I'm a graduate student working with ACS data for the first time, so I apologize in advance for any basic questions!
I'm working with tract-level median household income data from the 2021 ACS 5 year estimates for the city of San Francisco. 7 of my 240 focal census tracts are missing estimates (from what I can tell from the documentation, likely because there were too few survey respondents), and I want to fill in the missing data for the purpose of my analysis.
My original thought was that I would fill in from past year's 5 yr estimates for the same tracts, applying a correction to account for inflation--ie I would fill in from 2020 estimates, and if that was missing, from 2019 estimates, etc. However, I was warned by a colleague that I should thinking about spatial correlation and not just temporal correlation.
Is there a best practice method for filling in missing ACS tract level data? Any advice would be much appreciated!
Hi Kelley--
Your intuition is right. Median HH income might be missing (1) because Census redacted it, because of excessive MOE. (2) The other reason for a missing stat would be: if the tract has no households…
One of my favorite expressions is "The perfect is the enemy of the good." It holds especially true when dealing with estimates.
Your intuition is right. Median HH income might be missing (1) because Census redacted it, because of excessive MOE. (2) The other reason for a missing stat would be: if the tract has no households.
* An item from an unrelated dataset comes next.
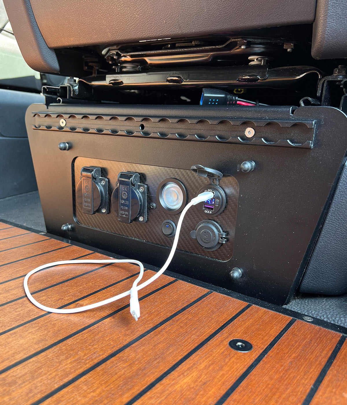 Oh yeah. Sobald meine Schiebetür offen ist, werde ich jetzt öfters auf meine Elektrik angesprochen. Die Bearbeitung des Carbon-Panel hat ein bisschen Arbeiten gemacht, aber für mich kein Problem, da ich gern am Bus bastle und nun eine individuelle Steckdosen-Lösung für mich habe.
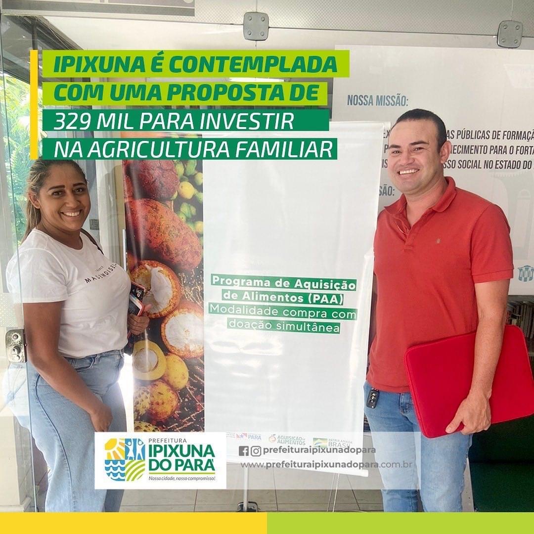 O Município foi contemplado com uma proposta de 329 mil para investir na agricultura familiar, para o Programa Alimenta Brasil, ação realizada pela Secretaria de Assistência através da Prefeitura Municipal de Ipixuna do Pará.

In the first situation, I like your solution: Fill in a value from a prior year. The tracts data was collected during a 5-year survey window, so the 2016-20 stats and the 2017-21 stats should be in the same ballpark. (of course: the 2016-20 data may have been redacted for the same reason, excessive MOE.)
So, I'll offer my approach to creating placeholder values -- as ugly as it is. (Dear readers, do not @ me complaints.) For placeholder values, analyze table B19001 : number of households in sixteen income levels. Analyze that table to find the 50th percentile category among estimated households. Example: Tract 27145011600 does not have a published median HH income. But table B19001 shows the median is in the range 75,000-99,999. I will use 87,500 as placeholder. (Or you can imagine a fancier approach.)
It's an ugly approach I'm suggesting. But if you really! need placeholders for your 7 missing tracts, consider it.
--Todd Graham
Hi Todd,
Thank you for your response and for your advice! I checked and one of my tracts does indeed have no households, so I'm not worried about filling it in, but the remaining 6 all have over 500, so I think they're probably case 1. I'll check out your approach to filling them in!